— About this exercise —
The following data needs to be repeated exactly, with all images excluded.

Stored dataset items
============

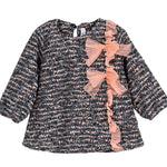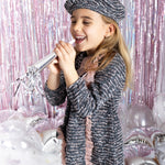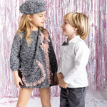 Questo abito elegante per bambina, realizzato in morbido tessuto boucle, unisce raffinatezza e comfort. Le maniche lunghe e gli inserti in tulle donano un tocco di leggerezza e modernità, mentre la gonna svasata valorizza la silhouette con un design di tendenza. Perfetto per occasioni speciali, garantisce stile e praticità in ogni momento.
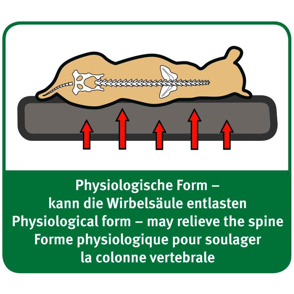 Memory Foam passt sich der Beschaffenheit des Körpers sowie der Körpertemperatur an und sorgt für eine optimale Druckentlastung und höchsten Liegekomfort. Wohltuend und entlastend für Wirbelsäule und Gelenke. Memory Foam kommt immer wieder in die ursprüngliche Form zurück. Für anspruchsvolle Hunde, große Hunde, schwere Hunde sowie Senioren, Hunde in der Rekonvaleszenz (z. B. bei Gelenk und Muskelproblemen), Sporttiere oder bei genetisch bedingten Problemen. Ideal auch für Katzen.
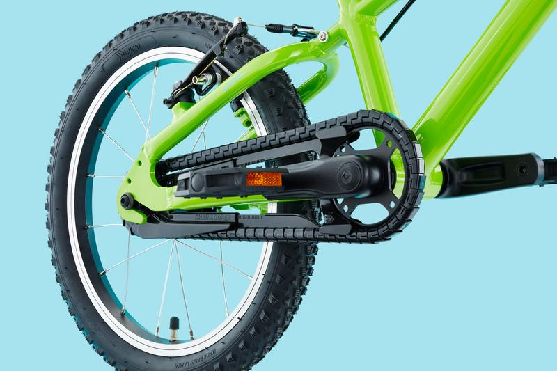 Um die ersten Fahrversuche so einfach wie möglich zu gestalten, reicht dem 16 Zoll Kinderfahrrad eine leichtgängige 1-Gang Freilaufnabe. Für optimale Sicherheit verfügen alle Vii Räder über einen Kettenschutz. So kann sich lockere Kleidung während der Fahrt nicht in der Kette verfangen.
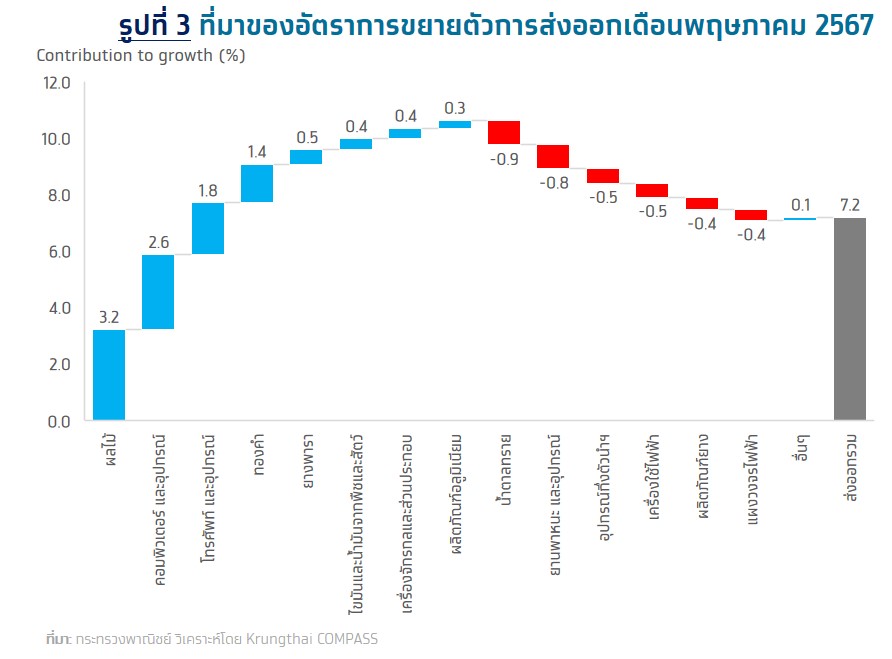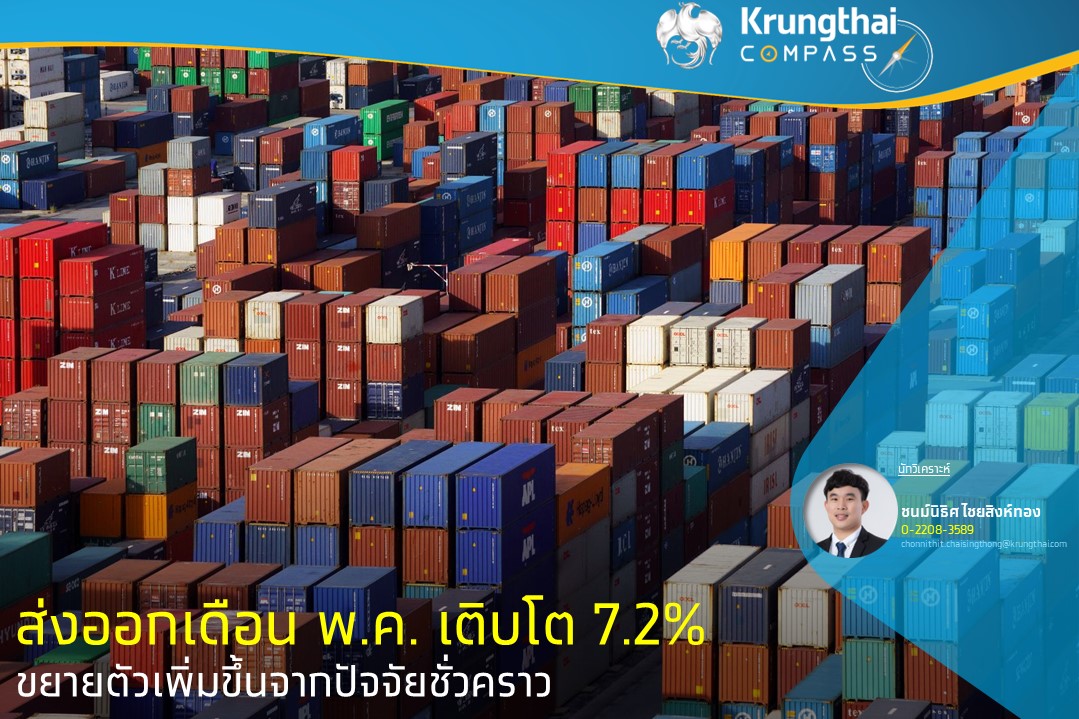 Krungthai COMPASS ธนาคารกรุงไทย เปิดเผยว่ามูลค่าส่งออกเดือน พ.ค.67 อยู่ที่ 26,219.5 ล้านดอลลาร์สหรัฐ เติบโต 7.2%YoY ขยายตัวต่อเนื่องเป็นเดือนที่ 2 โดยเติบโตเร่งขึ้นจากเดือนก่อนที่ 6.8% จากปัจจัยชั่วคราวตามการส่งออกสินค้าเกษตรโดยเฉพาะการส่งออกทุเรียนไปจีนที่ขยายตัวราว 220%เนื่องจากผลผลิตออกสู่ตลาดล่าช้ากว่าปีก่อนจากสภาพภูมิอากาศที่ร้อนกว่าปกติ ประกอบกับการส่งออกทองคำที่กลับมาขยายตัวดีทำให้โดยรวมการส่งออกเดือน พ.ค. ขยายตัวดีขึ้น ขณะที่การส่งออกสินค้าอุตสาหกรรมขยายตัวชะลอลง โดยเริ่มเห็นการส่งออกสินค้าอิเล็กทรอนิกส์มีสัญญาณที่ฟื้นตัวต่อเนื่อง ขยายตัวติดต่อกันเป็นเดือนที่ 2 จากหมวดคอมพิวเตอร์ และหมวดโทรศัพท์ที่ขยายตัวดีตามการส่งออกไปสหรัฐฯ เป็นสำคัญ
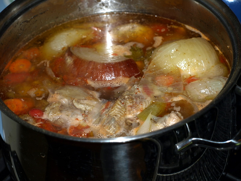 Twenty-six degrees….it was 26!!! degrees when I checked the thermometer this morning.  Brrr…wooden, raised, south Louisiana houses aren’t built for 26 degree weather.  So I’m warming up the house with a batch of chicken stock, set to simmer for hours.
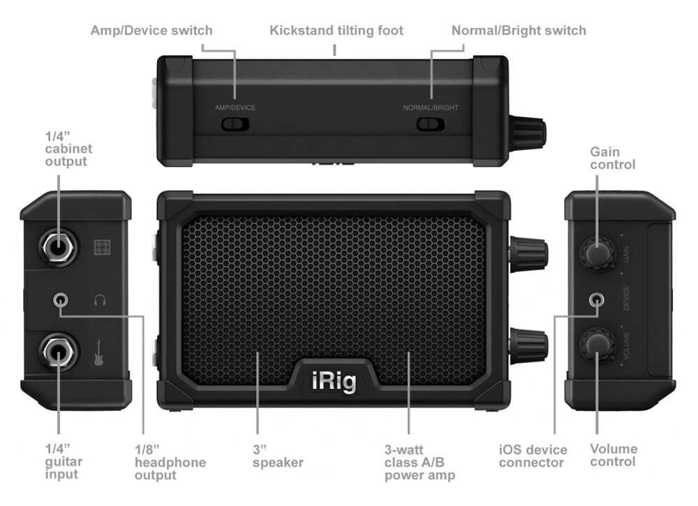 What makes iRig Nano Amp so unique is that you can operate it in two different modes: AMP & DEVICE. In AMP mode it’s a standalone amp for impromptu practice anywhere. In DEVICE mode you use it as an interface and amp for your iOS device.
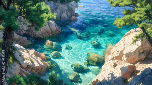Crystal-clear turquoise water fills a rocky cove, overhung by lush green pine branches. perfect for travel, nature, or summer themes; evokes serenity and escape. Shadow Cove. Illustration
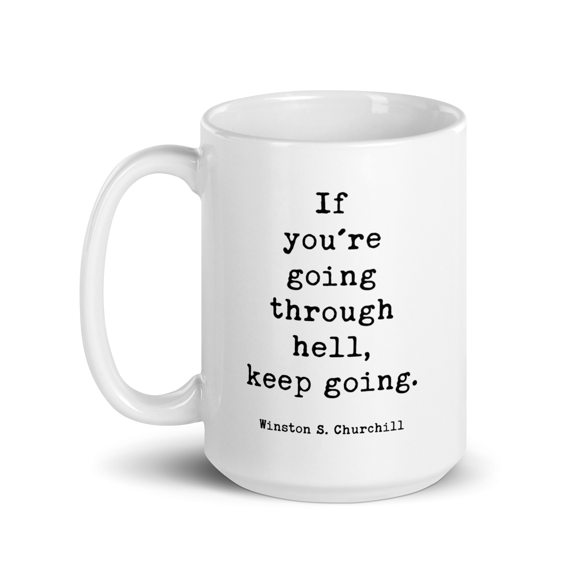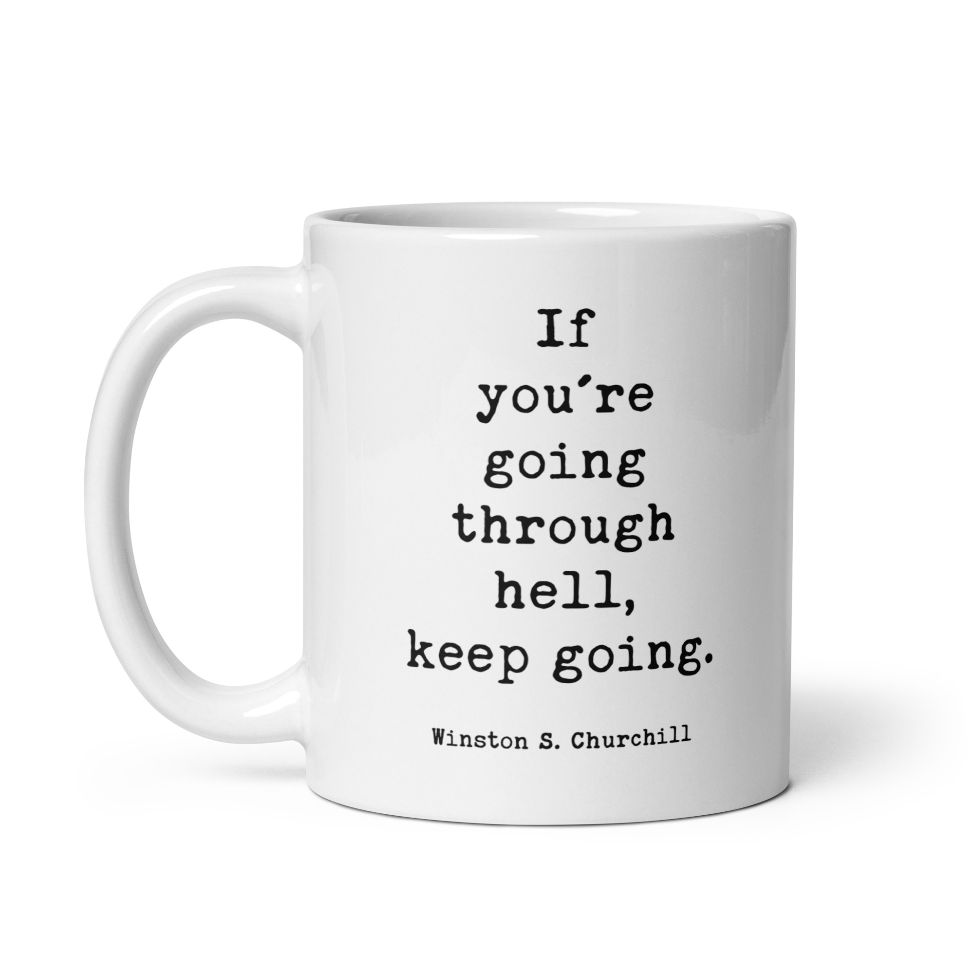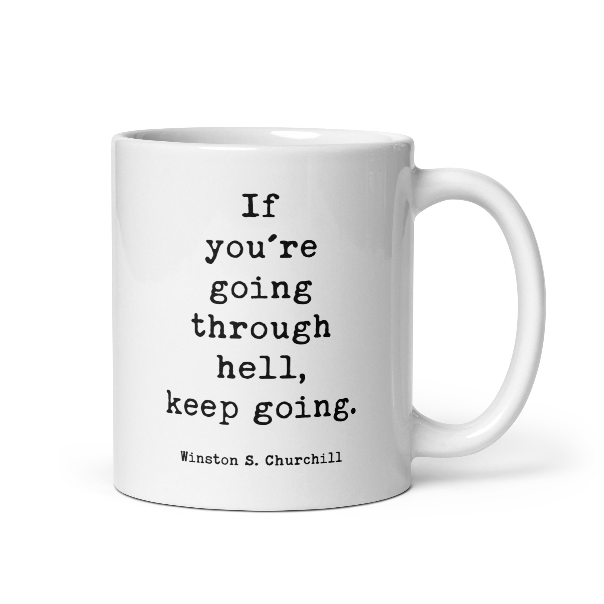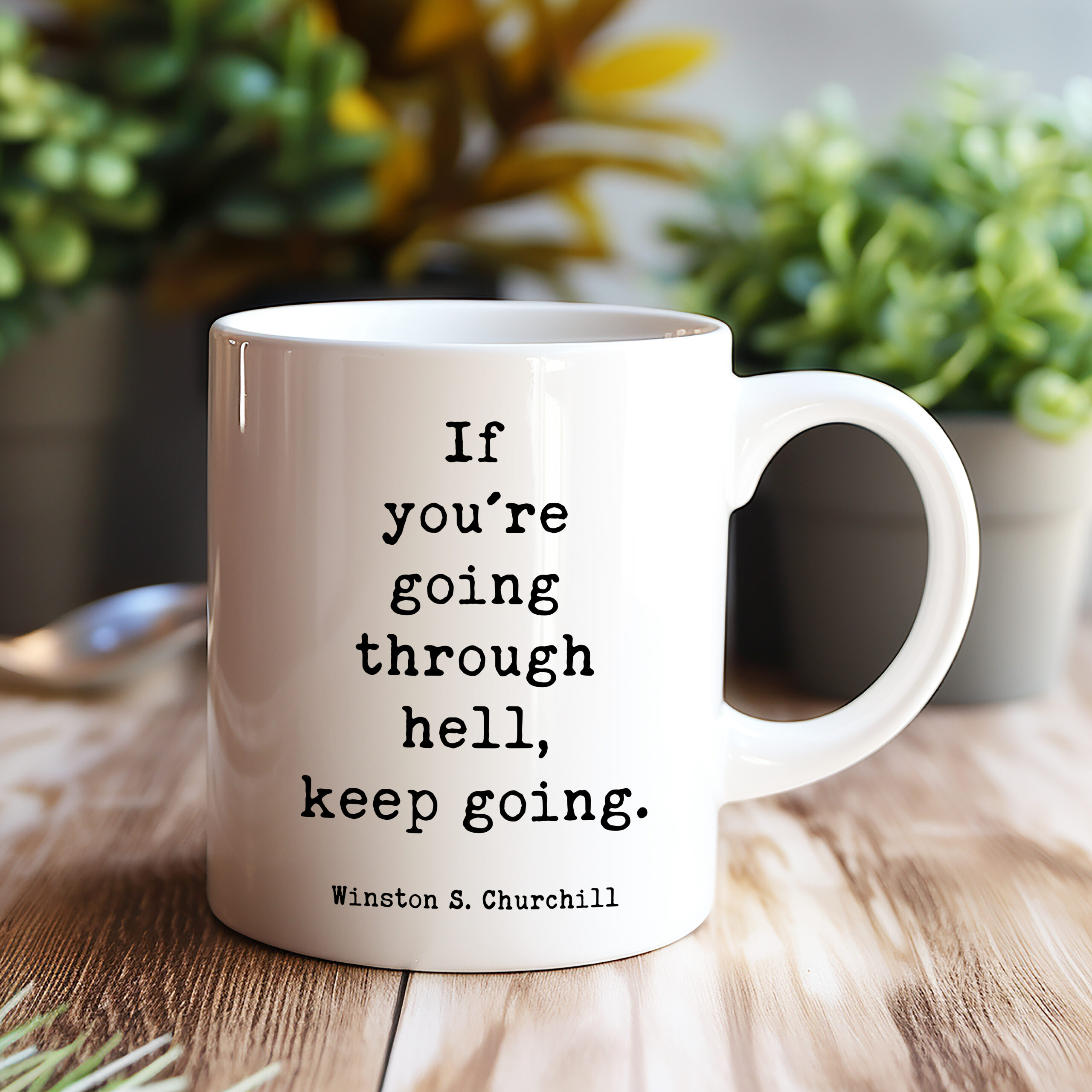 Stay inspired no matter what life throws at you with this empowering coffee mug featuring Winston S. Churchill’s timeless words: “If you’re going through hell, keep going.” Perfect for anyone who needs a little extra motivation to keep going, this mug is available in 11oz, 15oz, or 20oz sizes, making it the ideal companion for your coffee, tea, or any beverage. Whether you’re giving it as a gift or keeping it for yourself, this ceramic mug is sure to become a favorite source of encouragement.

============

— Answer section —
 Questo abito elegante per bambina, realizzato in morbido tessuto boucle, unisce raffinatezza e comfort. Le maniche lunghe e gli inserti in tulle donano un tocco di leggerezza e modernità, mentre la gonna svasata valorizza la silhouette con un design di tendenza. Perfetto per occasioni speciali, garantisce stile e praticità in ogni momento.
 Memory Foam passt sich der Beschaffenheit des Körpers sowie der Körpertemperatur an und sorgt für eine optimale Druckentlastung und höchsten Liegekomfort. Wohltuend und entlastend für Wirbelsäule und Gelenke. Memory Foam kommt immer wieder in die ursprüngliche Form zurück. Für anspruchsvolle Hunde, große Hunde, schwere Hunde sowie Senioren, Hunde in der Rekonvaleszenz (z. B. bei Gelenk und Muskelproblemen), Sporttiere oder bei genetisch bedingten Problemen. Ideal auch für Katzen.
 Um die ersten Fahrversuche so einfach wie möglich zu gestalten, reicht dem 16 Zoll Kinderfahrrad eine leichtgängige 1-Gang Freilaufnabe. Für optimale Sicherheit verfügen alle Vii Räder über einen Kettenschutz. So kann sich lockere Kleidung während der Fahrt nicht in der Kette verfangen.
 Krungthai COMPASS ธนาคารกรุงไทย เปิดเผยว่ามูลค่าส่งออกเดือน พ.ค.67 อยู่ที่ 26,219.5 ล้านดอลลาร์สหรัฐ เติบโต 7.2%YoY ขยายตัวต่อเนื่องเป็นเดือนที่ 2 โดยเติบโตเร่งขึ้นจากเดือนก่อนที่ 6.8% จากปัจจัยชั่วคราวตามการส่งออกสินค้าเกษตรโดยเฉพาะการส่งออกทุเรียนไปจีนที่ขยายตัวราว 220%เนื่องจากผลผลิตออกสู่ตลาดล่าช้ากว่าปีก่อนจากสภาพภูมิอากาศที่ร้อนกว่าปกติ ประกอบกับการส่งออกทองคำที่กลับมาขยายตัวดีทำให้โดยรวมการส่งออกเดือน พ.ค. ขยายตัวดีขึ้น ขณะที่การส่งออกสินค้าอุตสาหกรรมขยายตัวชะลอลง โดยเริ่มเห็นการส่งออกสินค้าอิเล็กทรอนิกส์มีสัญญาณที่ฟื้นตัวต่อเนื่อง ขยายตัวติดต่อกันเป็นเดือนที่ 2 จากหมวดคอมพิวเตอร์ และหมวดโทรศัพท์ที่ขยายตัวดีตามการส่งออกไปสหรัฐฯ เป็นสำคัญ
 Twenty-six degrees….it was 26!!! degrees when I checked the thermometer this morning.  Brrr…wooden, raised, south Louisiana houses aren’t built for 26 degree weather.  So I’m warming up the house with a batch of chicken stock, set to simmer for hours.
 What makes iRig Nano Amp so unique is that you can operate it in two different modes: AMP & DEVICE. In AMP mode it’s a standalone amp for impromptu practice anywhere. In DEVICE mode you use it as an interface and amp for your iOS device.
Crystal-clear turquoise water fills a rocky cove, overhung by lush green pine branches. perfect for travel, nature, or summer themes; evokes serenity and escape. Shadow Cove. Illustration
 Stay inspired no matter what life throws at you with this empowering coffee mug featuring Winston S. Churchill’s timeless words: “If you’re going through hell, keep going.” Perfect for anyone who needs a little extra motivation to keep going, this mug is available in 11oz, 15oz, or 20oz sizes, making it the ideal companion for your coffee, tea, or any beverage. Whether you’re giving it as a gift or keeping it for yourself, this ceramic mug is sure to become a favorite source of encouragement.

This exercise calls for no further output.